The objectives of this study were to highlight and evaluate the factors affecting the non-adoption, abandonment of and challenges to scale-up, spread and sustainability of mHealth in Sub-Saharan Africa (SSA) and to assess the appropriateness of the Non-adoption, Abandonment, Scale-up, Spread, and Sustainability (NASSS) Framework in the SSA context. A systematic search of published research was conducted using PubMed and Embase research databases from 2012 to 2025. Peer-reviewed studies from SSA countries, evaluating mHealth interventions, were included in this study. Papers were analysed to identify barriers according to the seven domains of the NASSS Framework, which are (1) condition, (2) technology, (3) value proposition, (4) adopters, (5) organisation(s), (6) wider system, (7) embedding and adaptation over time RESULTS: This study identified 409 barriers across 91 papers. 309 barriers were covered by the seven NASSS Framework domains, while 100 were unaddressed by the framework. The main barriers were associated with domain 2, the technical aspects of the technology (27%). Other prominent barriers related to the wider system (18%), the adopter (11%), the organisation (9%) or condition (8%), with the value proposition (1%) and embedding and adaptation over time (1%), least hindering implementation.
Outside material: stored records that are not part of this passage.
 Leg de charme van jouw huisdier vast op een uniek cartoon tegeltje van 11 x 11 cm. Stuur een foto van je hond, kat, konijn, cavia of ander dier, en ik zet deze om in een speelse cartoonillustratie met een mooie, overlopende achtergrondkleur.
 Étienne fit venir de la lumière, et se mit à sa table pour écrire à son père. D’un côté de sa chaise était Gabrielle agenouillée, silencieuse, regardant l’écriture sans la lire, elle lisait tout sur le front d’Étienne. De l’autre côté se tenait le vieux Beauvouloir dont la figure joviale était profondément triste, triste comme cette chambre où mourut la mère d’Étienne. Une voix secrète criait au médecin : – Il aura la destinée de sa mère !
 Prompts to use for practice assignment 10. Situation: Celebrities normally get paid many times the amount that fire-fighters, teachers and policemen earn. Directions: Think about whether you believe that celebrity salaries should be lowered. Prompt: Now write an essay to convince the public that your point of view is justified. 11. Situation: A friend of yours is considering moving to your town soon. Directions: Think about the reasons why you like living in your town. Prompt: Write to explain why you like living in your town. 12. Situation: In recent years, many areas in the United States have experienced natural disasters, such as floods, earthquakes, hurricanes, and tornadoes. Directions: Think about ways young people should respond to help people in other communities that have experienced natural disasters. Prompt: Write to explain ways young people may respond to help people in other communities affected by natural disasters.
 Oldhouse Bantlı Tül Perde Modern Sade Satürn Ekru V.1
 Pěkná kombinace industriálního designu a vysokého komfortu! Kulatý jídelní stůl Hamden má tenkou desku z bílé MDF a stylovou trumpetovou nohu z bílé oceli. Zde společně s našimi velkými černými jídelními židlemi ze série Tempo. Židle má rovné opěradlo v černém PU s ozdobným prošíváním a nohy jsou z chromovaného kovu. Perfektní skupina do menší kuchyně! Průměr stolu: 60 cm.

Challenges which were unaddressed by the framework (24%) included socioeconomic and infrastructural issues, distinct to lower and middle-income countries (LMIC). This paper highlights the importance of evaluating rudimentary aspects of mHealth and preparing infrastructure before addressing more complex issues during mHealth implementation in SSA. Although the NASSS Framework is applicable to the SSA region, it would benefit from some further development to improve its applicability in LMICs.